2023 Schneider Family Book Awards recipients named
For Immediate Release
ALA Media Relations
Communications and Marketing Office
American Library Association
NEW ORLEANS — The American Library Association (ALA) is pleased to announce the winners of the 2023 Schneider Family Book Awards, which honor an author or illustrator for the artistic expression of the disability experience for child and adolescent audiences. The award winners were announced today during the ALA’s LibLearnX: The Library Learning Experience held January 27-30, in New Orleans.
Recipients are selected in three categories: young children birth through grade school (age 0–8), middle grades (age 9–13) and teens (age 14–18). Winners will receive $5,000 and a framed plaque.
“In the Blue,” written and illustrated by Erin Hourigan and published by Little, Brown and Company, a division of Hachette Book Group, Inc., is a Schneider Family Book Award young children’s honor title.
“Listen: How Evely Glennie, a Deaf Girl, Changed Percussion,” written by Shannon Stocker, illustrated by Devon Holzwarth and published by Dial Books for Young Readers, an imprint of Penguin Random House, won the award for best young children’s title.
As a child, Evelyn Glennie loved music. After the nerves in her ears began to degenerate, she became deaf. Defying doctors’ predictions, Evelyn persevered to find an innovative way to listen and play percussion, becoming an award-winning musician. The words and art reflect the rhythm and movement of her experiences.
“The committee was impressed by the coordination of the expressive art and lyrical text to depict Evelyn Glennie’s perseverance in expanding access to music education” said award co-chairs Susan Hess and Mary-Kate Sableski.
“Honestly Elliott,” written by Gillian Dunn, and published by Bloomsbury Children’s Books, an imprint of Bloomsbury Publishing Inc., is a Schneider Family Book Award best middle grades honor title.

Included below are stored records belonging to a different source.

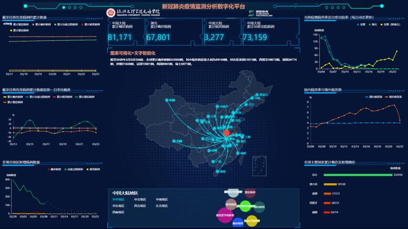 近日,元培学院东盟经济研究院内,最新一日全球主要国家和地区新增确诊病例数、各类病例累计数量较前一日变幅以及未来预测走势等多项数据在巨型电子屏上详细显示着,并不断有更新后的数字和智能文字实时在屏幕上“跳动”,各色图表、数据线构成了一张全球与全国新冠肺炎疫情信息数字化“大地图”。据介绍,这是东盟经济研究院基于人工智能图文分析技术打造推出的新冠肺炎疫情监测分析数字化平台,旨在助力数字化抗疫精准发力,为抗击疫情提供专业化支撑。
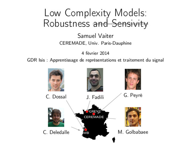 Paris-Dauphine 4 février 2014 GDR Isis : Apprentissage de représentations et traitement du signal J. Fadili G. Peyré C. Dossal M. Golbabaee C. Deledalle IMB GREYC CEREMADE
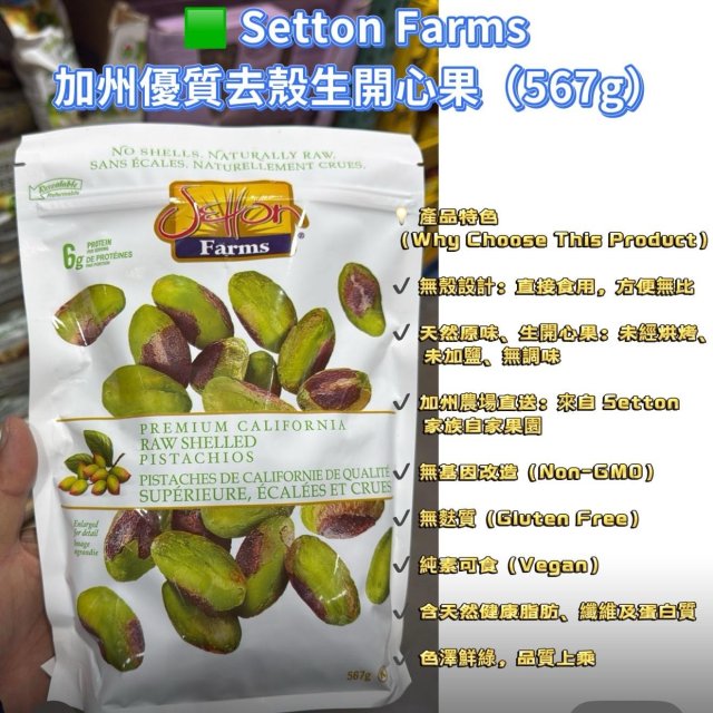 🟩 Setton Farms 加州優質去殼生開心果(567g)
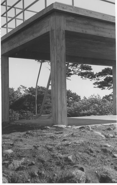 "Förstörda norra Kumlet", Västerskog, Särö. Kumlet ligger i den sydvästra delen av naturreservatet Särö Västerskog och består av gamla senvuxna krokiga ekar i blockmarker. Fotografen Wijk var botaniker och kanske menade han att utsiktstornet, som ser ut att vara uppfört nyligen, hade negativ inverkan på naturen och/eller platsen som sådan.
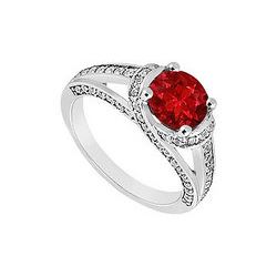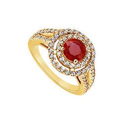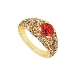 Ruby and Diamond Engagement Ring : 14K Yellow Gold - 1.00 CT TGW
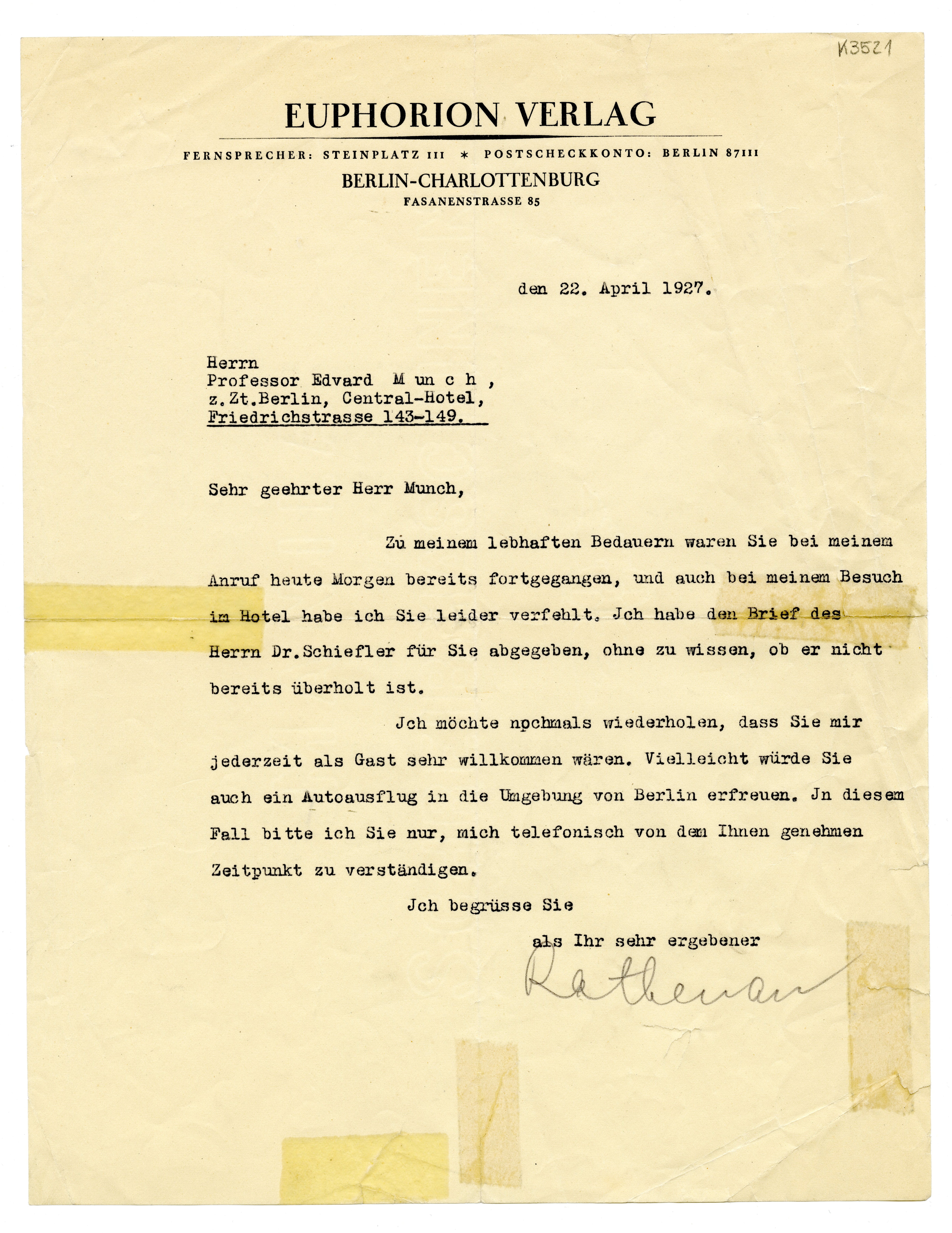 MM K 3521, Munchmuseet. Datert 22.04.1927. Brev fra Ernst Rathenau, Euphorion Verlag.

"Hummingbird,” written by Natalie Lloyd, and published by Scholastic Press, an imprint of Scholastic Inc., is a Schneider Family Book Award best middle grades honor title.
"Wildoak,” written by C.C. Harrington and published by Scholastic Press, an imprint of Scholastic Inc., won the award for the best middle grade title.
Maggie’s parents send her to her grandfather’s home in hopes that the Cornish countryside will improve her stuttering. There, she finds and saves an abandoned snow leopard that had once been purchased as a pet. In Wildoak Forest, she learns that “all things speak…just not in the same language.”
“With luminous language and a complex, layered story, this book stands out as an exemplary representation of disability as integral to identity and self-acceptance.” said Hess and Sableski.
"Breathe and Count Back from Ten,” written by Natalia Sylvester, and published by Clarion Books, an imprint of HarperCollins Publishers, is a Schneider Family Book Award teens honor title.
"The Words We Keep,” written by Erin Stewart and published by Delacorte Press, an imprint of Random House Children’s Books, a division of Penguin Random House, won the award for best teens title.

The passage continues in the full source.